Merchant Russell Sturgis was responsible for recommending the sculptor, William Wetmore Story, and a £2,500 contract was signed on 1 November 1867 which said Story would have the statue ready within two years. The other sculptors that had been considered were John Henry Foley, Thomas Woolner, and William Theed.

Peabody met with Story at the home of Curtis Lampson to pose for sketches. Peabody was already an admirer of Story's work and was pleased to find out he had been selected to create the sculpture. Story's other works in the UK include the Deverell Brothers statue in Lower Basildon and a bust of Richard Monckton Milnes, 1st Baron Houghton, at Trinity College, Cambridge. Peabody met with Story again in 1868 at the artist's studio in Rome. While working on the statue, it was viewed by US ambassador to the UK John Lothrop Motley who admired its strong resemblance to Peabody. The statue was founded by German artisan Ferdinand von Miller, whose other work in London is the United Kingdom Temperance and General Provident Institution Drinking Fountain in Clapham Common. Due to Peabody's failing health in early 1869, organisers were worried he would die before the statue was dedicated later that year. The pedestal was not ready, so a temporary stone pedestal was acquired.

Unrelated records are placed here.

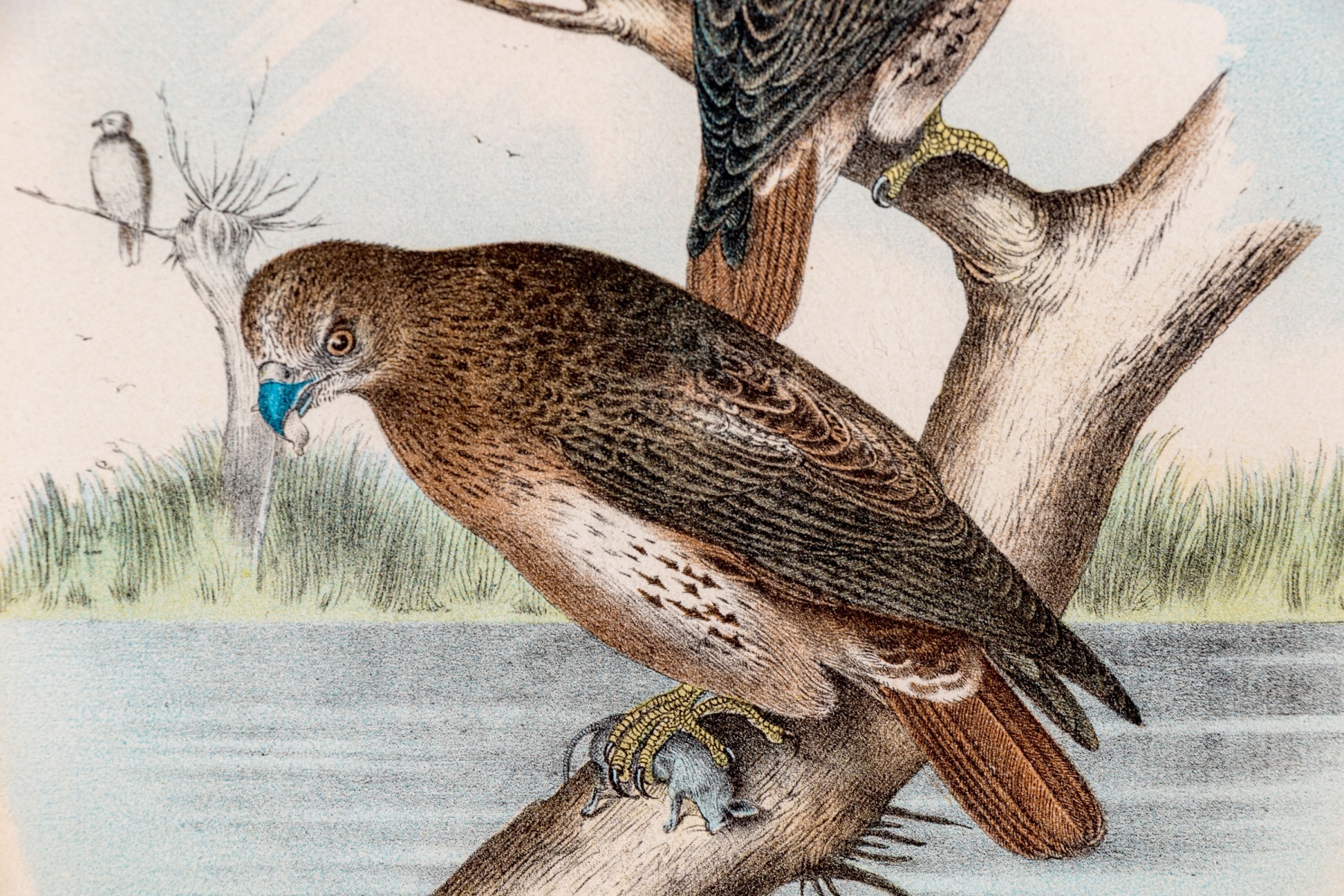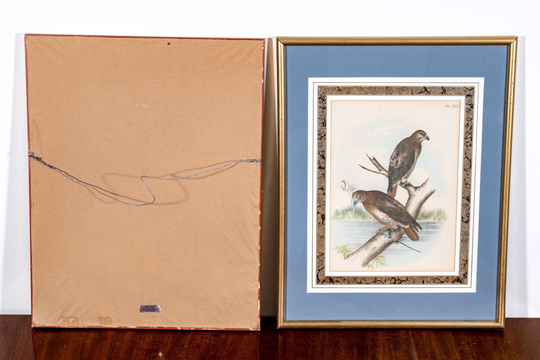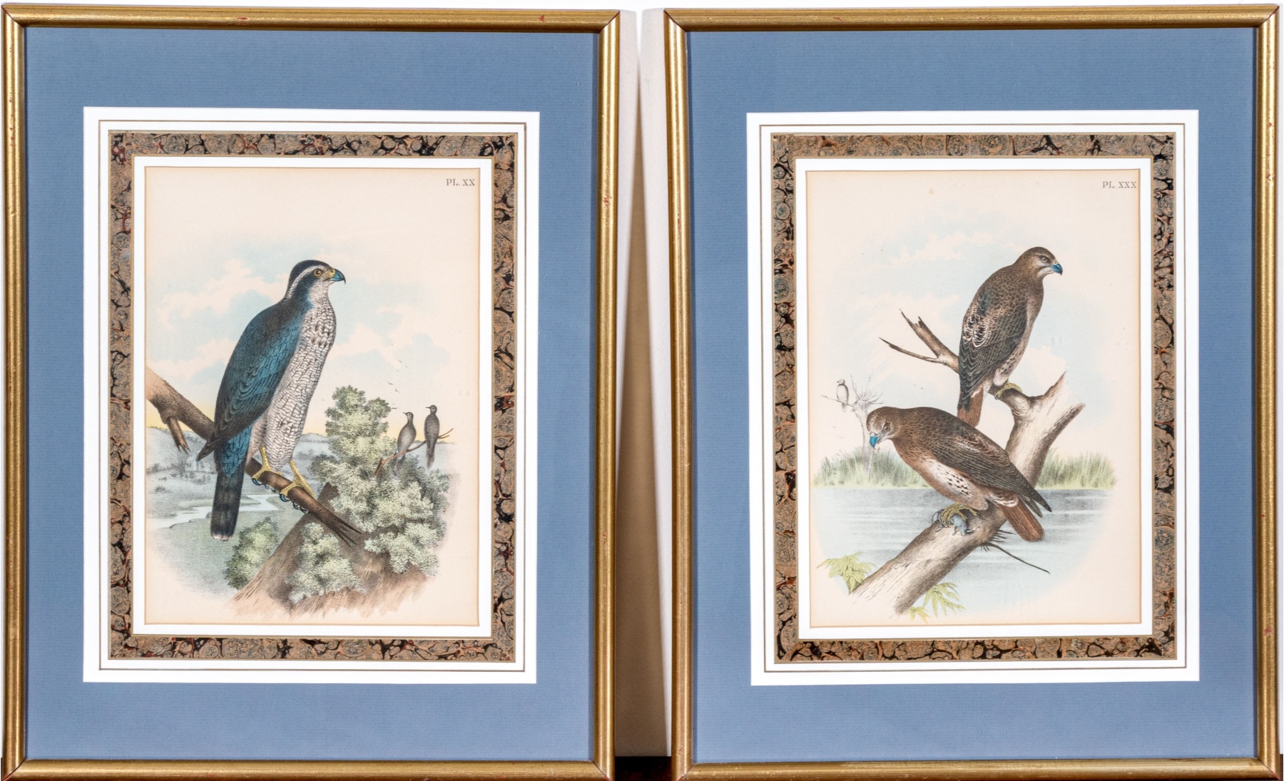 A wonderful pair of hand-colored prints after the original artworks by Theodore Jasper (American, 1814-1897) "Ash-Colored or Black-Cap Hawk" and "The Red-Tailed Hawk (Buteo Borealis)" as seen in Jacob Studer (American, 1840-1904) "Popular Ornithology of North America." One print marked PL XX. And second plate marked PL. XXX to upper right.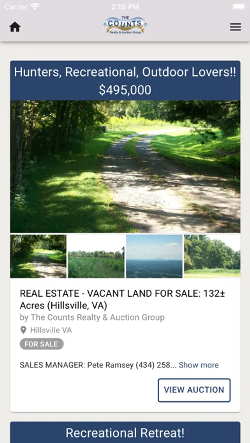 Welcome to the Counts Realty & Auction Group mobile bidding app! This dynamic app allows you to (1) stay informed about our upcoming auctions; (2) view items that interest you; (3) get notifications when you've been outbid; (4) bid no matter where you are located (or set and forget your maximum bid to let our platform automatically bid the lowest possible winning bid for you). This is the go-to-source for up-to-the-minute information on all of our auctions and listings.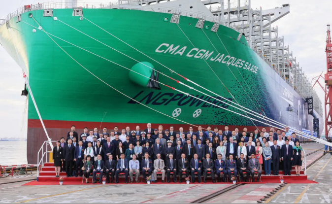 9月22日,由中國船舶集團有限公司旗下滬東中華造船(集團)有限公司和中國船舶工業(yè)貿(mào)易有限公司作為聯(lián)合賣方為世界著名航運公司——法國達飛海運集團建造的全球首艘23000TEU雙燃料動力集裝箱船“達飛雅克?薩德”號,在上海長興島造船基地命名交付。中國船舶集團副總經(jīng)理孫偉、達飛海運集團董事會主席魯?shù)婪颉に_德出席儀式并致辭,教母譚雅·薩德為新船命名,法國駐滬總領事紀博偉應邀出席儀式。
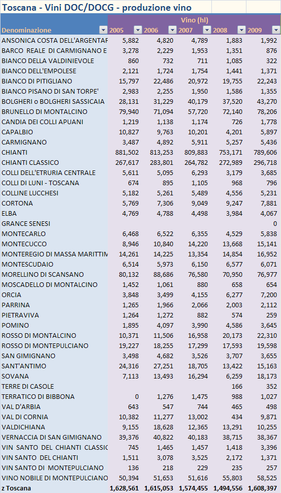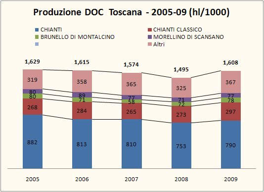 Toscana – produzione di vini DOC e DOCG – aggiornamento 2009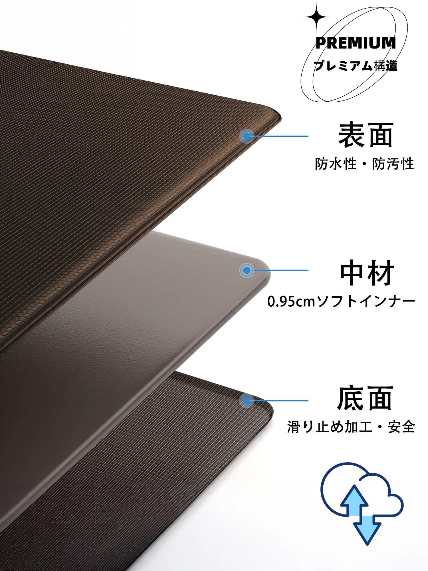 キッチンマット 240 拭ける キッチンマット60*240cm 撥水 厚さ10mm クッション性 防汚 抗菌 防臭 フロアマット マット 床 台所 マット ロングキッチンマット ポリ塩化ビニール ずれない 洗濯不要 低反発 クッション性あり 60x240cm ブラウン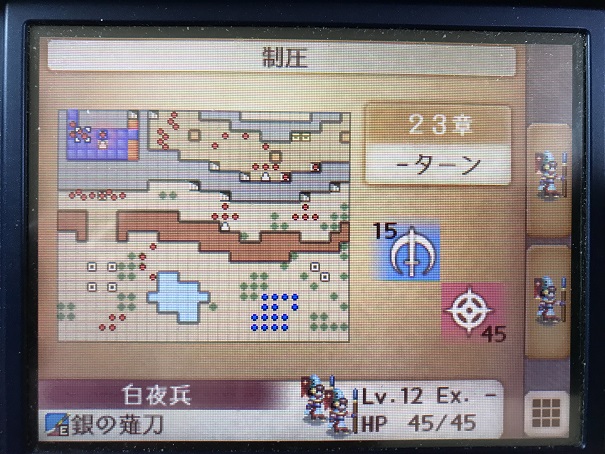 24章はマップが広いので配置されている敵を順番におびき出して撃破すればいいかと思い、23章に比べれば簡単だろうと楽観視してたんですが、考えが甘すぎましたorz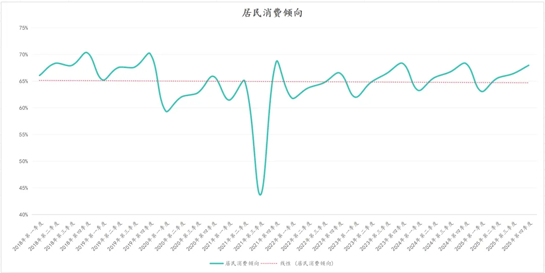 2025年四季度,人均居民收入和支出累计增速分别为5%、4.4%,较去年同期分别下降0.3、0.9个百分点,支出增速显著落后于收入增长,居民消费倾向未能延续修复趋势,由2024年68.3%下降至68%,这表明名义收入的增长向消费支出的转化受到制约,消费内生动能尚不牢固。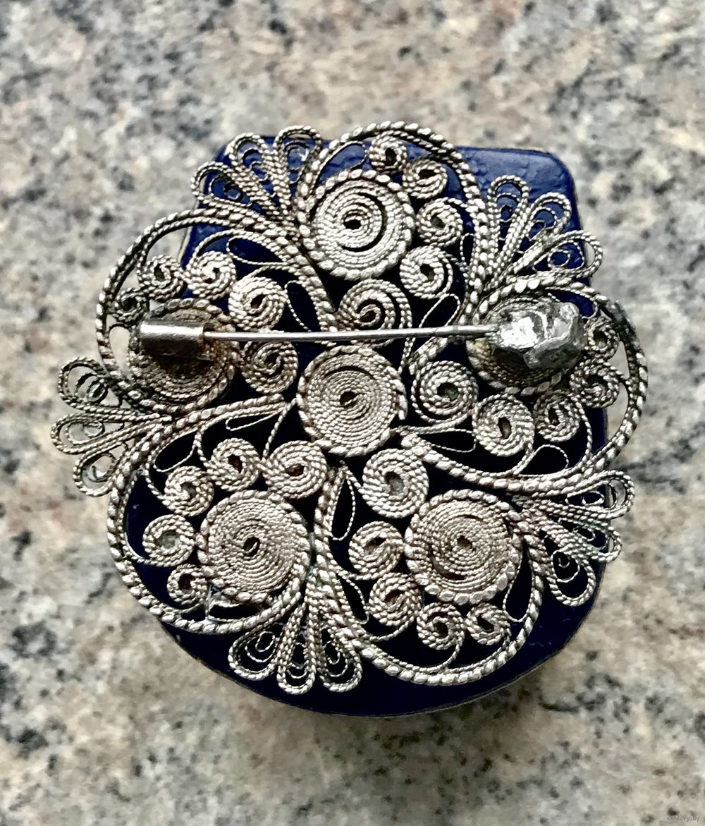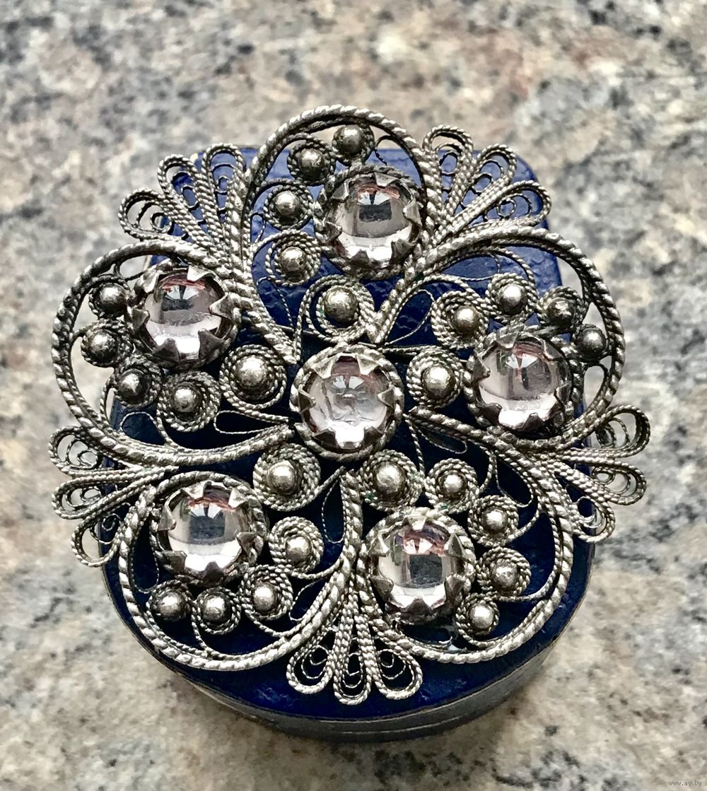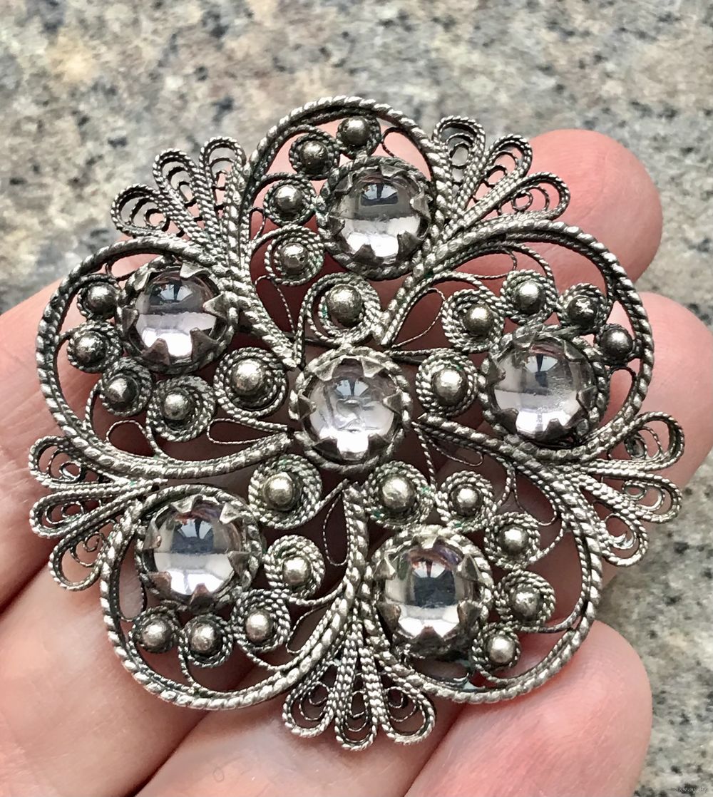 Крупная винтажная брошь из мельхиора с серебрением и вставок из стекла. Работа мастеров Казаковского ювелирного производственного объединения. Диаметр броши 5см. Был ремонт застёжки (учтено в цене).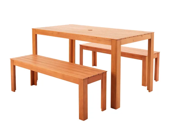 这套餐桌椅包括一张桌子和两个长凳子,桉木材质,十分结实稳当。适合放在后院,平时坐下来喝茶聊天晒太阳,非常方便。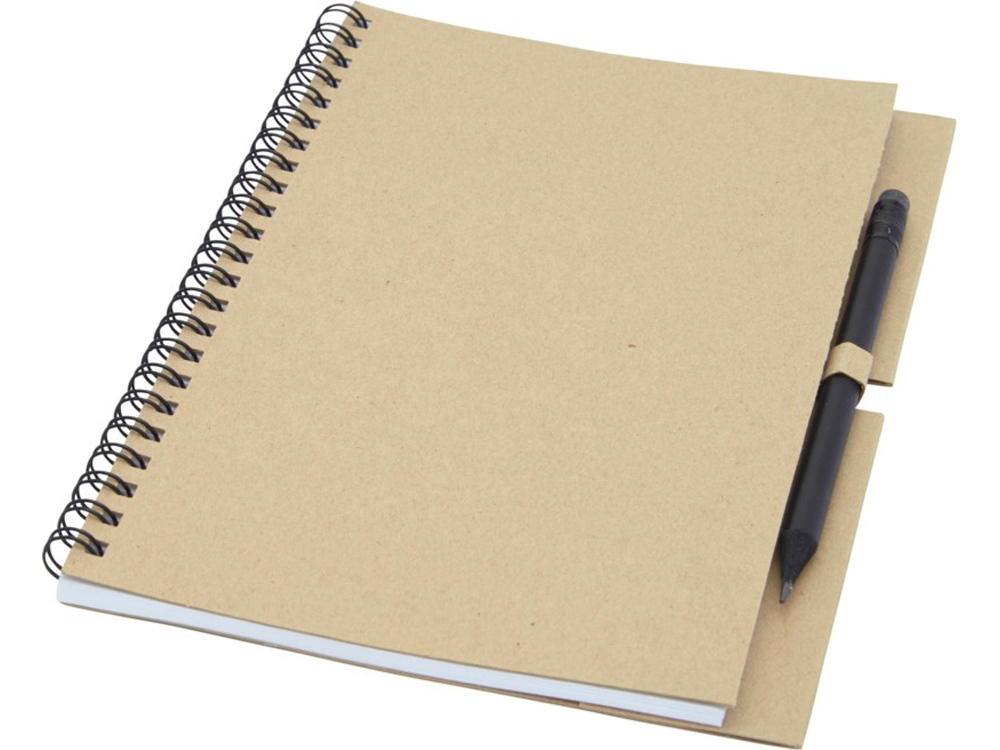 Блокнот Luciano Eco на пружине, с карандашом, средний, натуральный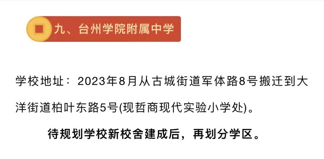 2023年下半年台州学院附中搬迁到哲商现代实验小学区块。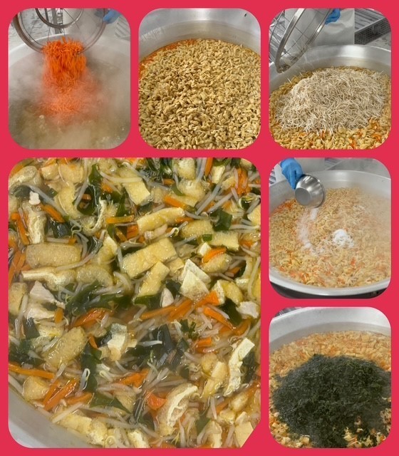 「五目汁」は、だしこんぶとけずりぶしで取っただしに、鶏肉、うすあげ、もやし、にんじん、わかめを加え、塩、薄口しょうゆで味つけします。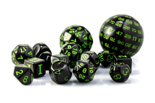 НАБОР ИЗ 15 КУБИКОВ ДЛЯ РПГ, ЧЕРНО-ЗЕЛЕНЫЙ НАБОР ИЗ 15 КУБИКОВ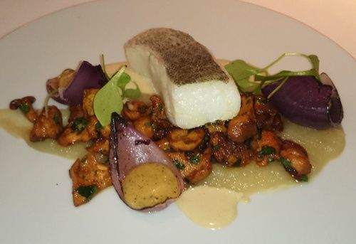 Lieu jaune basse température, purée d'oignons et champignons sauvages. Une cuisson du poisson parfaite et une explosion de parfums et de saveurs !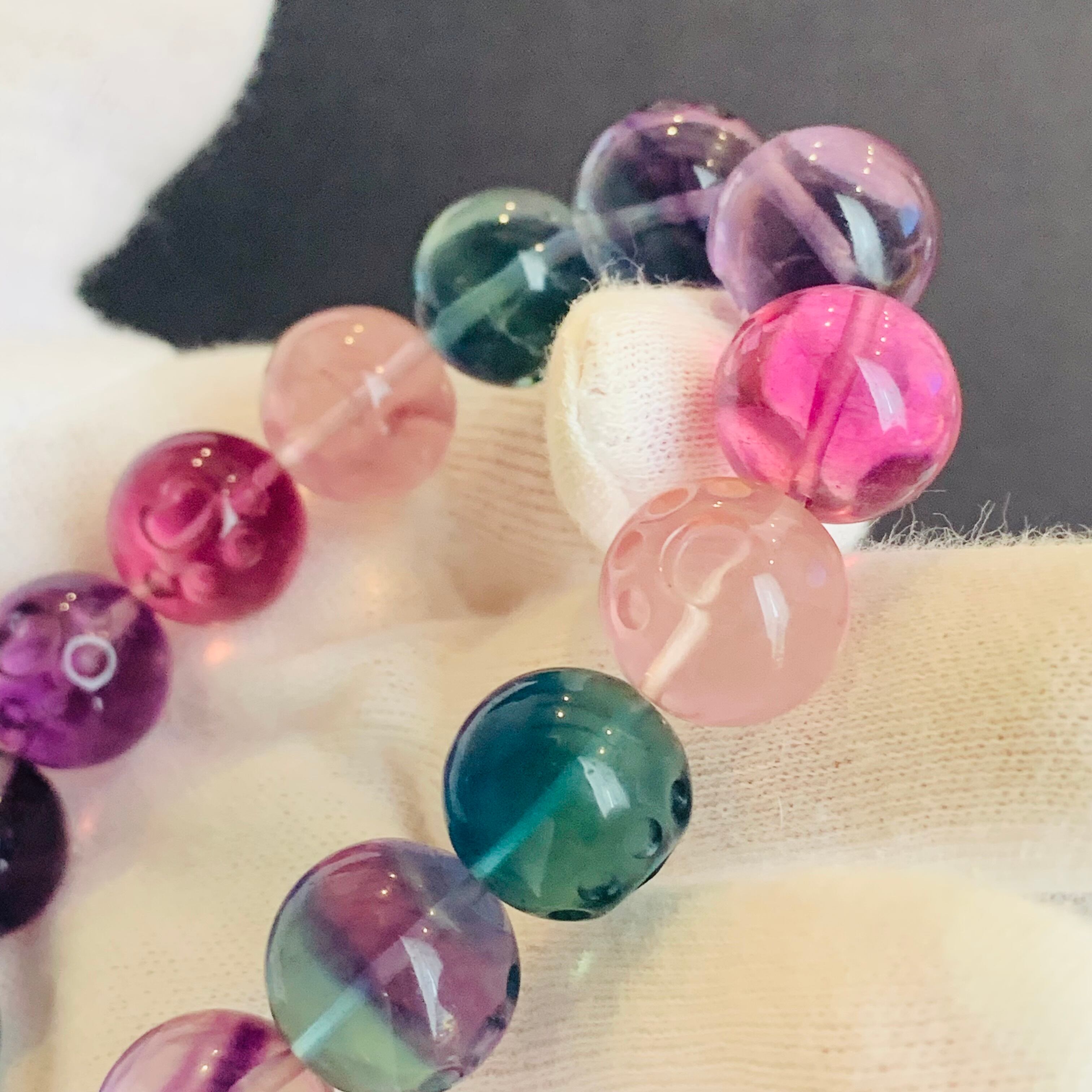 フローライト ブレスレット 天然石 パワーストーン 肉球彫刻 No.370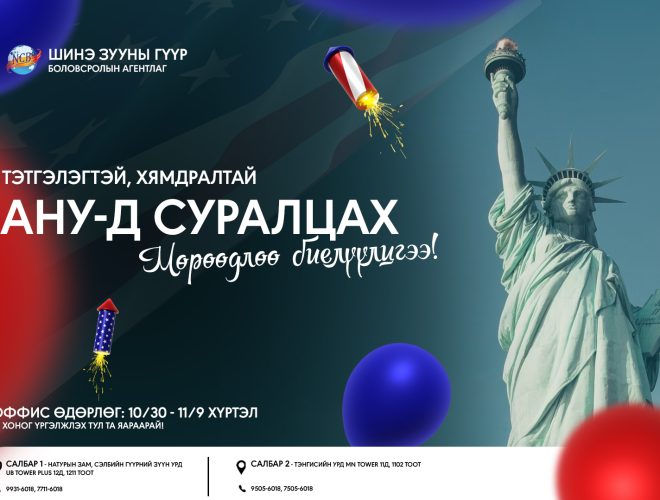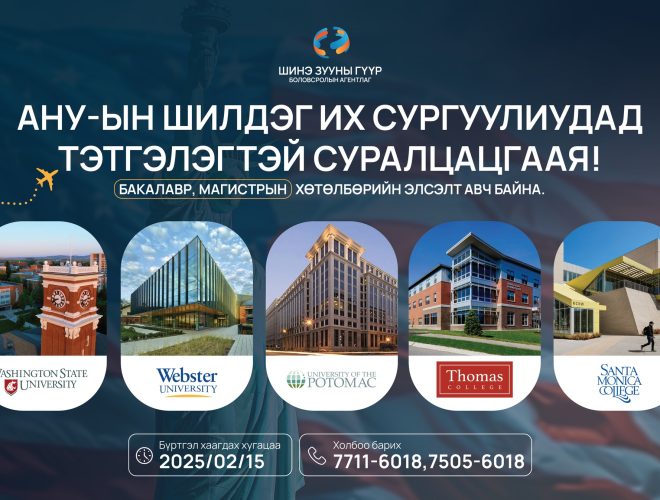 АНУ-д суралцах мөрөөдлөө биелүүлцгээе! АНУ-д суралцах мөрөөдлөө биелүүлцгээе! 7 months ago in 🌟 Тэтгэлэгтэй, хямдралтай АНУ-д суралцах мөрөөдлөө биелүүлцгээе!🌟 📅 Оффис өдөрлөг: 10/30 - 11/9 хүртэл 10...

Due to time constraints, a letter was sent to Prince Edward, to unveil the statue instead of the queen.

===Dedication===
The unveiling ceremony took place on 23 July 1869, but by that time Peabody was too ill to attend. Before the dedication, a luncheon took place with notable attendees including philanthropist Angela Burdett-Coutts, 1st Baroness Burdett-Coutts. A procession travelled to the statue where the unveiling ceremony began in front of a large crowd. In addition to Prince Edward, speakers at the ceremony included Ambassador Motley, Story and former Lord Mayor of London and chairman of the memorial committee, Benjamin Samuel Phillips. Amongst his remarks, the prince said, "that England and America may go hand in hand in peace and prosperity."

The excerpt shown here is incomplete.